Powers for police to access internet records and hack into suspects' smartphones and computers are to be extended under revamped spying laws.
The Investigatory Powers Bill has been amended to allow law enforcement bodies to acquire data relating to people's web use for specific investigations.
Under the draft version of the proposed legislation access to internet connection records (ICRs) was limited to identifying the sender of a communication, the communications services a person was using, or determining whether an individual has accessed illegal material online.
The revised proposals presented in Parliament state that records should also be available for the pursuit of investigative leads if it is deemed "necessary and proportionate".
The move reflects a recommendation by a committee of peers and MPs.
Senior officers had argued that proposed rules around access to the data in the draft Bill unveiled in November appeared to preclude access to details that could be valuable in missing people inquiries and human trafficking investigations, such as travel bookings.
Firms will be required to store ICRs - which detail services a device connects to but not users' full browsing history or the content of a communication - for up to a year.
The circumstances for using equipment interference (EI) powers - which allow authorities to interfere with electronic equipment such as PCs and smartphones in order to obtain data - have also been adapted.
Now law enforcement agencies will be able to use these tactics in "threat to life" situations.
The original draft had restricted them to detecting or preventing serious crime, which the Government says would potentially prohibit police from using the tactics to save a life or locate a missing child.
The Bill states that a targeted EI warrant can be issued if it is considered necessary by a law enforcement chief for "the purpose of preventing death or any injury or damage to a person's physical or mental health or of mitigating any injury or damage to a person's physical or mental health".
Officials stressed EI warrants will be subject to "double lock" authorisation - meaning they must be signed off by a judge - and the most intrusive tactics will be restricted to a small number of forces and bodies.
Another change to the Bill will provide for a Secretary of State to authorise warrants for bulk EI by spy agencies in urgent circumstances, such as a foreign cyber-attack on UK infrastructure.
The methods are seen as increasingly crucial as advanced encryption makes it more difficult for security services to keep track of terrorists.
The Government has made a raft of revisions to the Bill, which aims to bring myriad surveillance powers under one legal umbrella, after three parliamentary inquiries raised concerns.

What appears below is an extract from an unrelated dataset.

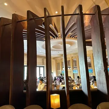 木のぬくもりが心地よく鳥たちが遊びに来るような開放感あふれるスラッシュカフェは、約1万坪の庭園を眺めることができるテラス席で爽やかな風を感じながらのランチで、ゆっくりとした時間を楽しみました。

Home Secretary Theresa May said: "This is vital legislation and we are determined to get it right.
"The revised Bill we introduced today reflects the majority of the committee's recommendations - we have strengthened safeguards, enhanced privacy protections and bolstered oversight arrangements - and will now be examined by Parliament before passing into law by the end of 2016.
"Terrorists and criminals are operating online and we need to ensure the police and security services can keep pace with the modern world and continue to protect the British public from the many serious threats we face."
The Government said the revised Bill:
:: Is clearer, with "tighter definitions" and strict codes of practice.
:: Explicitly bans agencies from asking foreign intelligence to carry out activities on their behalf unless they have a warrant approved by a Secretary of State and Judicial Commissioner.
:: Clarifies the position on encryption, making it clear companies can only be asked to remove encryption that they have applied and only when it is "practicable".